A comprehensive guide to statistical tests and sample size calculations
Statistical hypothesis testing is fundamental to data analysis and research. Understanding which test to use and how to calculate the required sample size ensures your analysis has sufficient statistical power to detect meaningful effects.
💡 Key Concept: Sample size directly impacts your ability to detect true effects (statistical power) while controlling for false positives (Type I error).
Comparing means when population variance is unknown
\[ t = \frac{\bar{x} - \mu}{s / \sqrt{n}} \]
where \(\bar{x}\) = sample mean, \(\mu\) = population mean, \(s\) = sample standard deviation, \(n\) = sample size
\[ n = \frac{2(Z_{\alpha/2} + Z_{\beta})^2 \sigma^2}{\delta^2} \]
• \(Z_{\alpha/2}\) = critical value for significance level (e.g., 1.96 for α=0.05)
• \(Z_{\beta}\) = critical value for power (e.g., 0.84 for 80% power)

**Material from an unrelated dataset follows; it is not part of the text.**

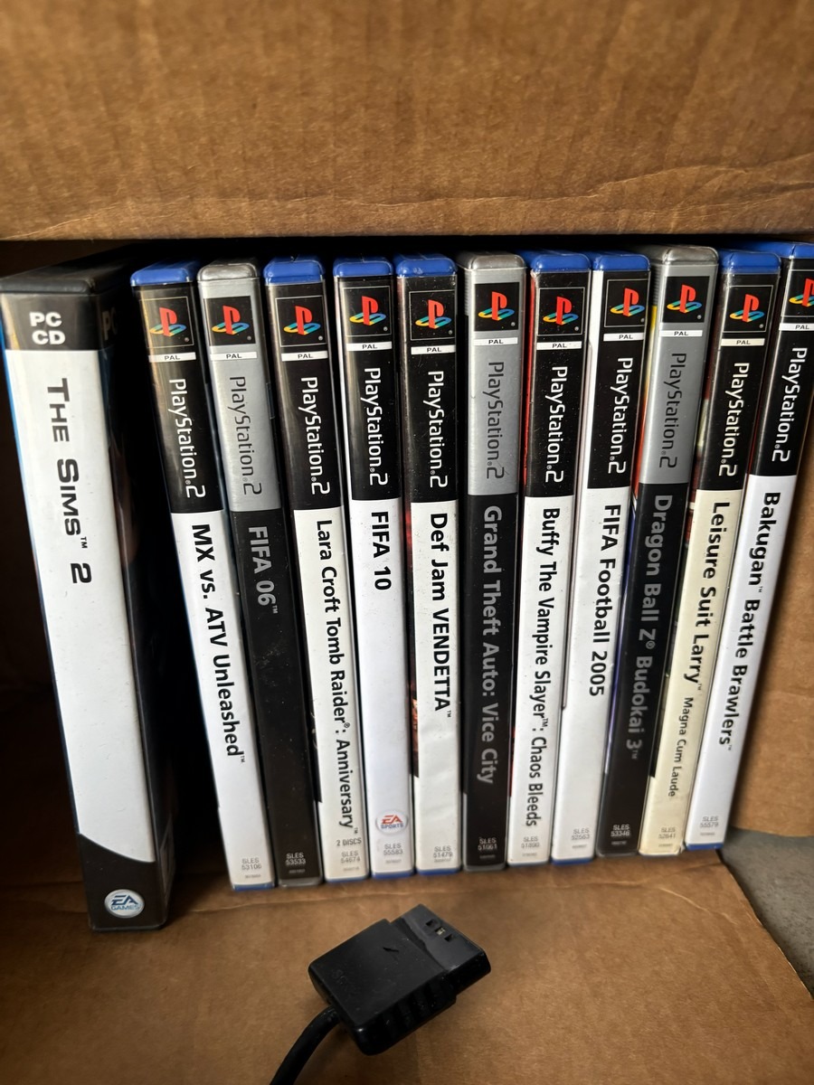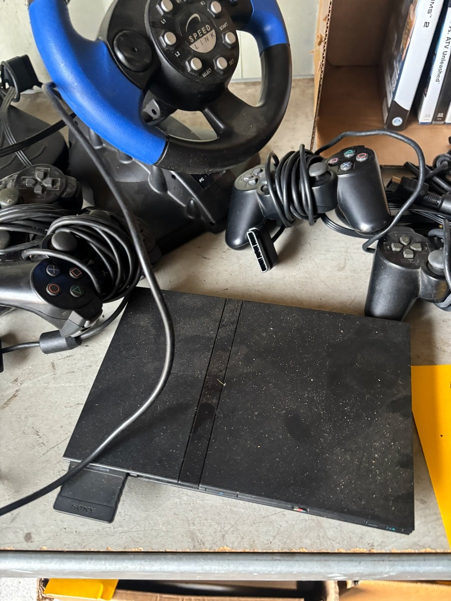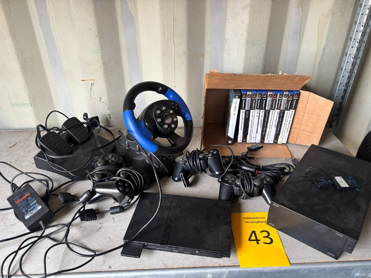 2 stk. PS2, diverse spil, mm. Mange dele. Ikke testet. Fra dødsbo

• \(\sigma\) = pooled standard deviation
• \(\delta\) = minimum detectable difference (effect size)
Comparing means of matched or repeated measurements
\[ t = \frac{\bar{d}}{s_d / \sqrt{n}} \]
where \(\bar{d}\) = mean of differences, \(s_d\) = standard deviation of differences
\[ n = \frac{(Z_{\alpha/2} + Z_{\beta})^2 \sigma_d^2}{\delta^2} \]
• \(\sigma_d\) = standard deviation of paired differences
• \(\delta\) = minimum detectable mean difference
• Typically requires fewer subjects than independent samples due to reduced variability
Comparing means when population variance is known
\[ Z = \frac{\bar{x} - \mu}{\sigma / \sqrt{n}} \]
where \(\sigma\) = known population standard deviation
\[ n = \frac{(Z_{\alpha/2} + Z_{\beta})^2 \sigma^2}{\delta^2} \]
• Uses known population variance \(\sigma^2\)
• Generally requires smaller sample than t-test due to known variance
Probability of detecting a true effect
Statistical power is the probability of correctly rejecting the null hypothesis when it is false (i.e., detecting a true effect). Power = 1 - β, where β is the Type II error rate.
False positive - rejecting true null hypothesis. Typically set at 0.05 (5%).
False negative - failing to reject false null hypothesis. Power = 1 - β.
⚡ Conventional Power: Studies typically aim for 80% power (β = 0.20)
Range of plausible values for population parameter
A 95% confidence interval means that if we repeated the study many times, 95% of calculated intervals would contain the true population parameter.
\[ CI = \bar{x} \pm t_{\alpha/2} \cdot \frac{s}{\sqrt{n}} \]
95% CI: \(\bar{x} \pm 1.96 \cdot SE\) (for large samples)
\[ n = \left(\frac{Z_{\alpha/2} \cdot \sigma}{E}\right)^2 \]
• \(E\) = desired margin of error (half-width of CI)
• Example: For 95% CI with margin of error ±5 and σ=20: n = (1.96×20/5)² ≈ 62
📊 Statistical analysis is a tool for discovery, not a substitute for thinking.
Always consider the context and practical significance of your findings.